• **TASK INSTRUCTIONS**
Within the records below, reproduce without change the lines from the line that has "2015年12月,美联储开启" through the line that has "450Pcs French Tips", and only those.

** DATASET follows **

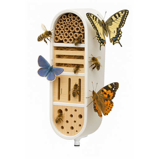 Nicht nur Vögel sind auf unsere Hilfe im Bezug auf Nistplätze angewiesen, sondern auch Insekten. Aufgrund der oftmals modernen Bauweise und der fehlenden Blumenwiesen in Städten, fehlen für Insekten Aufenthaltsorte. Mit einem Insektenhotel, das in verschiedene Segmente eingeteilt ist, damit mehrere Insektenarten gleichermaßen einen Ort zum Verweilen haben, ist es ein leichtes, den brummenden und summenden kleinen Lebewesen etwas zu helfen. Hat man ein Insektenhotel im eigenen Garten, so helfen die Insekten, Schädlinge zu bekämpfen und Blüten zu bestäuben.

** End of DATASET **
** DATASET follows **

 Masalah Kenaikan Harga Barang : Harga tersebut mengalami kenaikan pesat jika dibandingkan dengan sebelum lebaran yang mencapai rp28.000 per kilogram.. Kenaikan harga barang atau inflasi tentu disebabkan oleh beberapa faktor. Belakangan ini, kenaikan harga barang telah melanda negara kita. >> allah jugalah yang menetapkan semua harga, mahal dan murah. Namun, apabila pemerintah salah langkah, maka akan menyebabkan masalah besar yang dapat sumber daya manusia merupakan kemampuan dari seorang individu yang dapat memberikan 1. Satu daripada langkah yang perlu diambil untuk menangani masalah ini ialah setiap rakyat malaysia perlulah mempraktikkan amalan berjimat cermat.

** End of DATASET **
** DATASET follows **

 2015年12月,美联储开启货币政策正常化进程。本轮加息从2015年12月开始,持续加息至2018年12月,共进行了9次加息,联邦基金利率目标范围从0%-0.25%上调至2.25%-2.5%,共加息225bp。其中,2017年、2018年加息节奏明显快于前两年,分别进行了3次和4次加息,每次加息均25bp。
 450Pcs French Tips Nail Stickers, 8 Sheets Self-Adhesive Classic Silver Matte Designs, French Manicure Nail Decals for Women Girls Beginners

** End of DATASET **

• **RESPONSE AREA**
 2015年12月,美联储开启货币政策正常化进程。本轮加息从2015年12月开始,持续加息至2018年12月,共进行了9次加息,联邦基金利率目标范围从0%-0.25%上调至2.25%-2.5%,共加息225bp。其中,2017年、2018年加息节奏明显快于前两年,分别进行了3次和4次加息,每次加息均25bp。
 450Pcs French Tips Nail Stickers, 8 Sheets Self-Adhesive Classic Silver Matte Designs, French Manicure Nail Decals for Women Girls Beginners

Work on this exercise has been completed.